In short, when I had become attached to poor Maddalene, without once seeing her, how was it likely that I could remain indifferent to the sisterly assiduity and attentions, to the thousand pleasing little compliments, and to the most delicious cups of coffee of this young Venice girl, my gentle little jailer? [14] I should be trying to impose on myself, were I to attribute to my own prudence the fact of my not having fallen in love with Angiola. I did not do so, simply from the circumstance of her having already a lover of her own choosing, to whom she was desperately, unalterably attached. Heaven help me! if it had not been thus I should have found myself in a very critical position, indeed, for an author, with so little to keep alive his attention. The sentiment I felt for her was not, then, what is called love. I wished to see her happy, and that she might be united to the lover of her choice; I was not jealous, nor had I the remotest idea she could ever select me as the object of her regard. Still, when I heard my prison-door open, my heart began to beat in the hope it was my Angiola; and if she appeared not, I experienced a peculiar kind of vexation; when she really came my heart throbbed yet more violently, from a feeling of pure joy. Her parents, who had begun to entertain a good opinion of me, and were aware of her passionate regard for another, offered no opposition to the visits she thus made me, permitting her almost invariably to bring me my coffee in a morning, and not unfrequently in the evening.

There was altogether a simplicity and an affectionateness in her every word, look, and gesture, which were really captivating. She would say, “I am excessively attached to another, and yet I take such delight in being near you! When I am not in his company, I like being nowhere so well as here.” (Here was another compliment.)

“And don’t you know why?” inquired I.

“I do not.”

“I will tell you, then. It is because I permit you to talk about your lover.”

“That is a good guess; yet still I think it is a good deal because I esteem you so very much!”

Poor girl! along with this pretty frankness she had that blessed sin of taking me always by the hand, and pressing it with all her heart, not perceiving that she at once pleased and disconcerted me by her affectionate manner. Thanks be to Heaven, that I can always recall this excellent little girl to mind without the least tinge of remorse.

CHAPTER XXX.

The following portion of my narrative would assuredly have been more interesting had the gentle Angiola fallen in love with me, or if I had at least run half mad to enliven my solitude. There was, however, another sentiment, that of simple benevolence, no less dear to me, which united our hearts in one.
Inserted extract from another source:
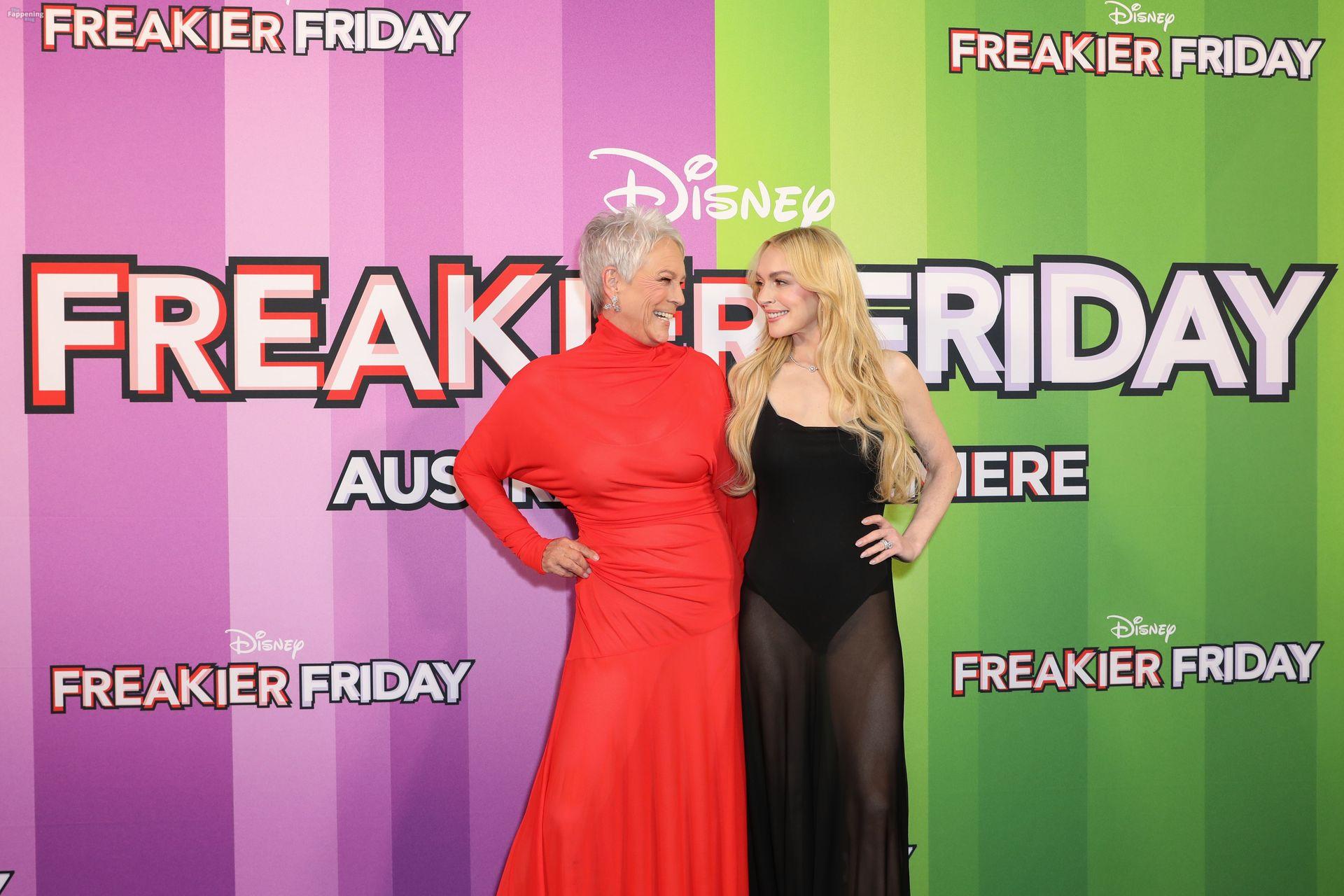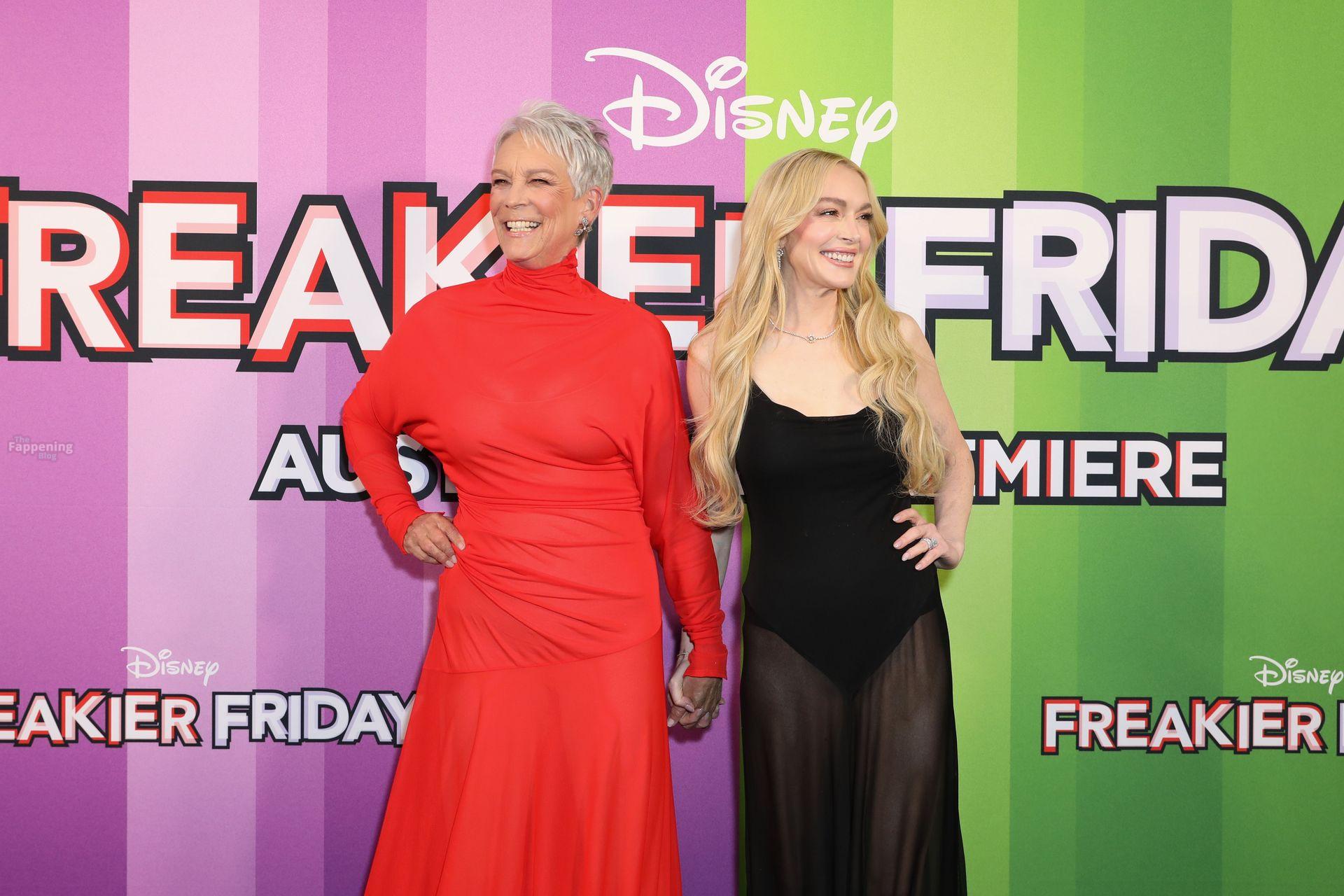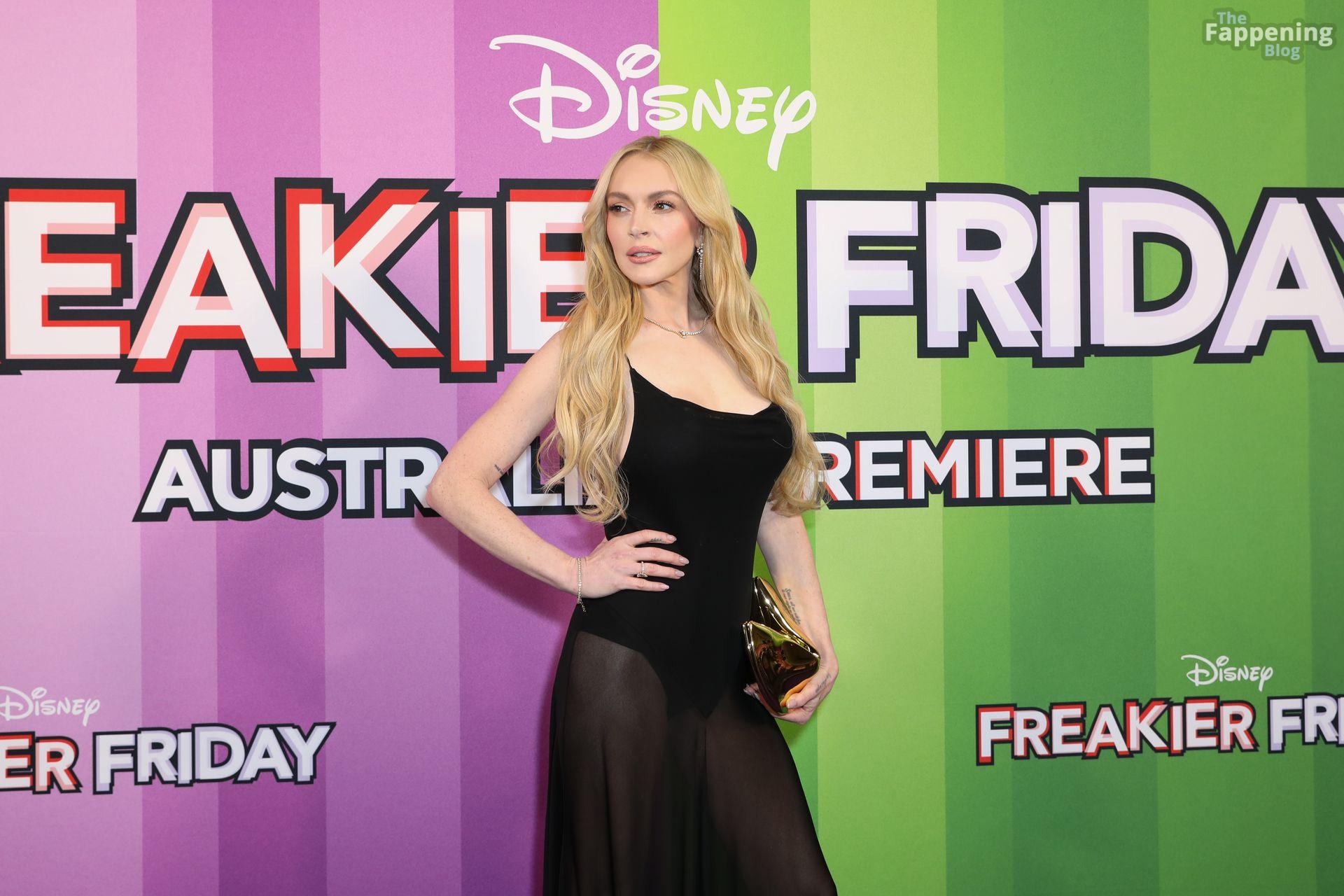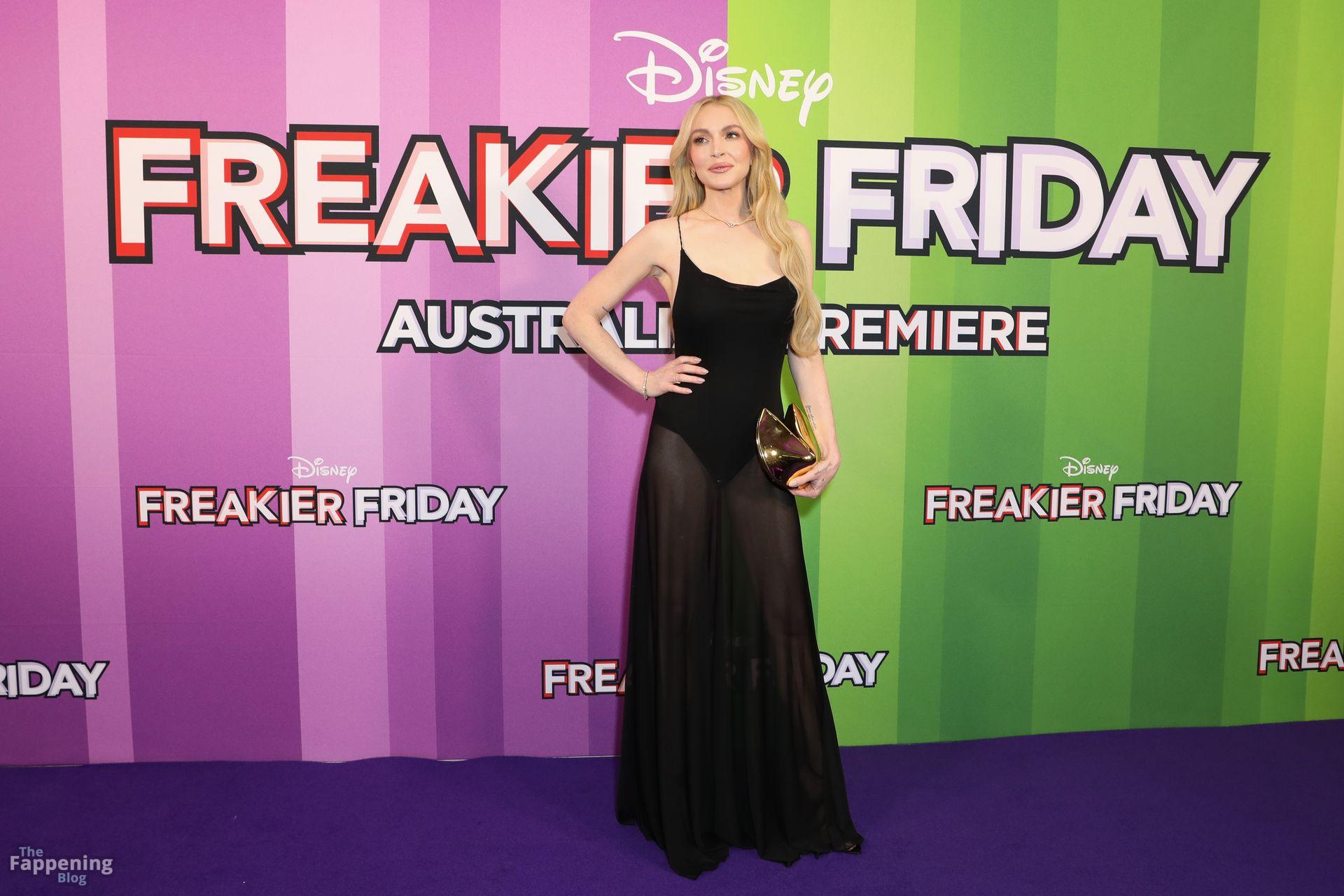 Lindsay Lohan affiche sa nouvelle silhouette élancée à la première de “Freakier Friday” à Sydney, en Australie, arborant une robe noire transparente.

And if, at any moment, I felt there was the least risk of its changing its nature in my vain, weak heart, it produced only sincere regret.

Once, certainly, having my doubts that this would happen, and finding her, to my sorrow, a hundred times more beautiful than I had at first imagined; feeling too so very melancholy when she was absent, so joyous when near, I took upon myself to play the unamiable, in the idea that this would remove all danger by making her leave off the same affectionate and familiar manner. This innocent stratagem was tried in vain; the poor girl was so patient, so full of compassion for me. She would look at me in silence, with her elbow resting upon the window, and say, after a long pause, “I see, sir, you are tired of my company, yet I would stay here the whole day if I could, merely to keep the hours from hanging so heavy upon you. This ill-humour of yours is the natural effect of your long solitude; if you were able to chat awhile, you would be quite well again. If you don’t like to talk, I will talk for you.”